04 Dec, 2009

2 commits

  • Both netlink and /proc/net/tcp interfaces can report transient
    negative values for rx queue.

    ss ->
    State Recv-Q Send-Q Local Address:Port Peer Address:Port
    ESTAB -6 6 127.0.0.1:45956 127.0.0.1:3333

    netstat ->
    tcp 4294967290 6 127.0.0.1:37784 127.0.0.1:3333 ESTABLISHED

    This is because we dont lock socket while computing
    tp->rcv_nxt - tp->copied_seq,
    and another CPU can update copied_seq before rcv_next in RX path.

    Signed-off-by: Eric Dumazet
    Signed-off-by: David S. Miller

    Eric Dumazet
     
  • This function walks the whole hashtable so there is no point in
    passing it a network namespace. Instead I purge all timewait
    sockets from dead network namespaces that I find. If the namespace
    is one of the once I am trying to purge I am guaranteed no new timewait
    sockets can be formed so this will get them all. If the namespace
    is one I am not acting for it might form a few more but I will
    call inet_twsk_purge again and shortly to get rid of them. In
    any even if the network namespace is dead timewait sockets are
    useless.

    Move the calls of inet_twsk_purge into batch_exit routines so
    that if I am killing a bunch of namespaces at once I will just
    call inet_twsk_purge once and save a lot of redundant unnecessary
    work.

    My simple 4k network namespace exit test the cleanup time dropped from
    roughly 8.2s to 1.6s. While the time spent running inet_twsk_purge fell
    to about 2ms. 1ms for ipv4 and 1ms for ipv6.

    Signed-off-by: Eric W. Biederman
    Signed-off-by: David S. Miller

    Eric W. Biederman
     

03 Dec, 2009

3 commits

  • Parse incoming TCP_COOKIE option(s).

    Calculate TCP_COOKIE option.

    Send optional data.

    This is a significantly revised implementation of an earlier (year-old)
    patch that no longer applies cleanly, with permission of the original
    author (Adam Langley):

    http://thread.gmane.org/gmane.linux.network/102586

    Requires:
    TCPCT part 1a: add request_values parameter for sending SYNACK
    TCPCT part 1b: generate Responder Cookie secret
    TCPCT part 1c: sysctl_tcp_cookie_size, socket option TCP_COOKIE_TRANSACTIONS
    TCPCT part 1d: define TCP cookie option, extend existing struct's
    TCPCT part 1e: implement socket option TCP_COOKIE_TRANSACTIONS
    TCPCT part 1f: Initiator Cookie => Responder

    Signed-off-by: William.Allen.Simpson@gmail.com
    Signed-off-by: David S. Miller

    William Allen Simpson
     
  • Data structures are carefully composed to require minimal additions.
    For example, the struct tcp_options_received cookie_plus variable fits
    between existing 16-bit and 8-bit variables, requiring no additional
    space (taking alignment into consideration).

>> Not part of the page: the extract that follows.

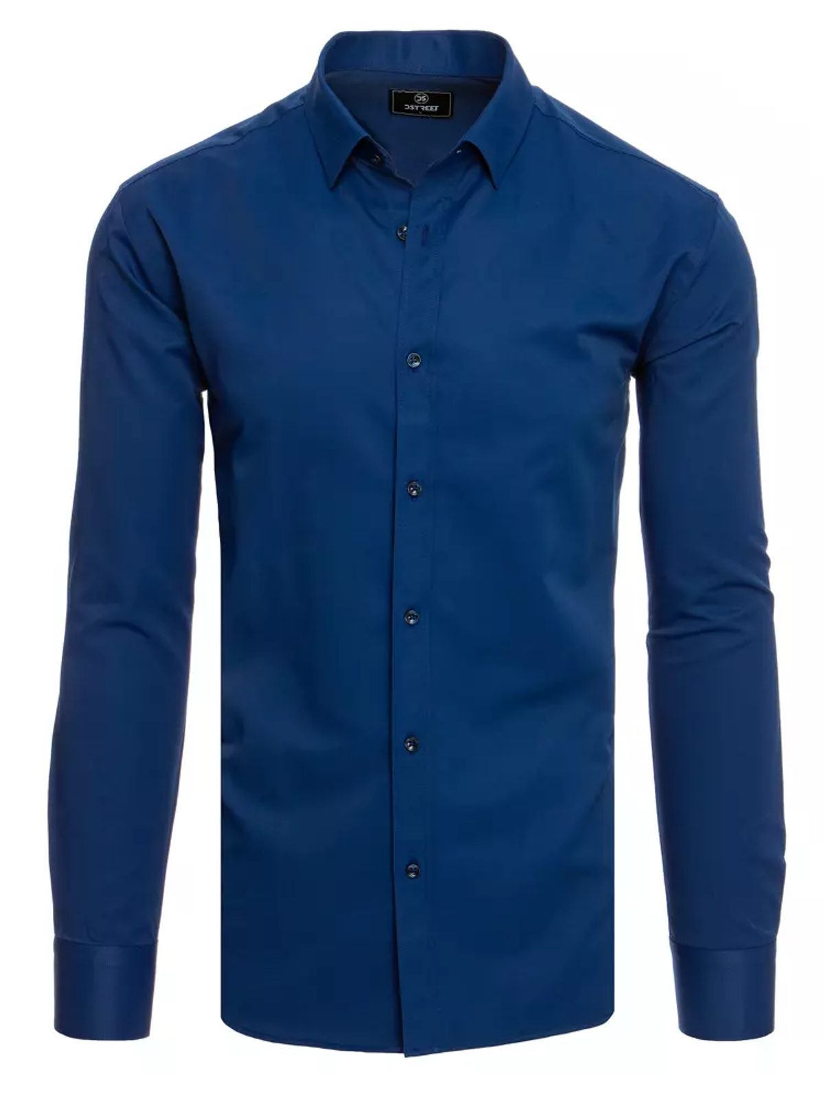 Elegáns sötét kék ing alkalmakra, és a mindennapokra. Hosszú ujjú. Enyhén szűkített derekú, kényelmes, testreszabott sziluettet eredményező fazon. Button-down gallér.

There are no additions to
    tcp_request_sock, and only 1 pointer in tcp_sock.

    This is a significantly revised implementation of an earlier (year-old)
    patch that no longer applies cleanly, with permission of the original
    author (Adam Langley):

    http://thread.gmane.org/gmane.linux.network/102586

    The principle difference is using a TCP option to carry the cookie nonce,
    instead of a user configured offset in the data. This is more flexible and
    less subject to user configuration error. Such a cookie option has been
    suggested for many years, and is also useful without SYN data, allowing
    several related concepts to use the same extension option.

    "Re: SYN floods (was: does history repeat itself?)", September 9, 1996.
    http://www.merit.net/mail.archives/nanog/1996-09/msg00235.html

    "Re: what a new TCP header might look like", May 12, 1998.
    ftp://ftp.isi.edu/end2end/end2end-interest-1998.mail

    These functions will also be used in subsequent patches that implement
    additional features.

    Requires:
    TCPCT part 1a: add request_values parameter for sending SYNACK
    TCPCT part 1b: generate Responder Cookie secret
    TCPCT part 1c: sysctl_tcp_cookie_size, socket option TCP_COOKIE_TRANSACTIONS

    Signed-off-by: William.Allen.Simpson@gmail.com
    Signed-off-by: David S. Miller

    William Allen Simpson
     
  • Add optional function parameters associated with sending SYNACK.
    These parameters are not needed after sending SYNACK, and are not
    used for retransmission. Avoids extending struct tcp_request_sock,
    and avoids allocating kernel memory.

    Also affects DCCP as it uses common struct request_sock_ops,
    but this parameter is currently reserved for future use.

    Signed-off-by: William.Allen.Simpson@gmail.com
    Acked-by: Eric Dumazet
    Signed-off-by: David S. Miller

    William Allen Simpson
     

14 Nov, 2009

2 commits

  • While investigating for network latencies, I found inet_getid() was a
    contention point for some workloads, as inet_peer_idlock is shared
    by all inet_getid() users regardless of peers.

    One way to fix this is to make ip_id_count an atomic_t instead
    of __u16, and use atomic_add_return().

    In order to keep sizeof(struct inet_peer) = 64 on 64bit arches
    tcp_ts_stamp is also converted to __u32 instead of "unsigned long".

    Signed-off-by: Eric Dumazet
    Signed-off-by: David S. Miller

    Eric Dumazet
     
  • Define two symbols needed in both kernel and user space.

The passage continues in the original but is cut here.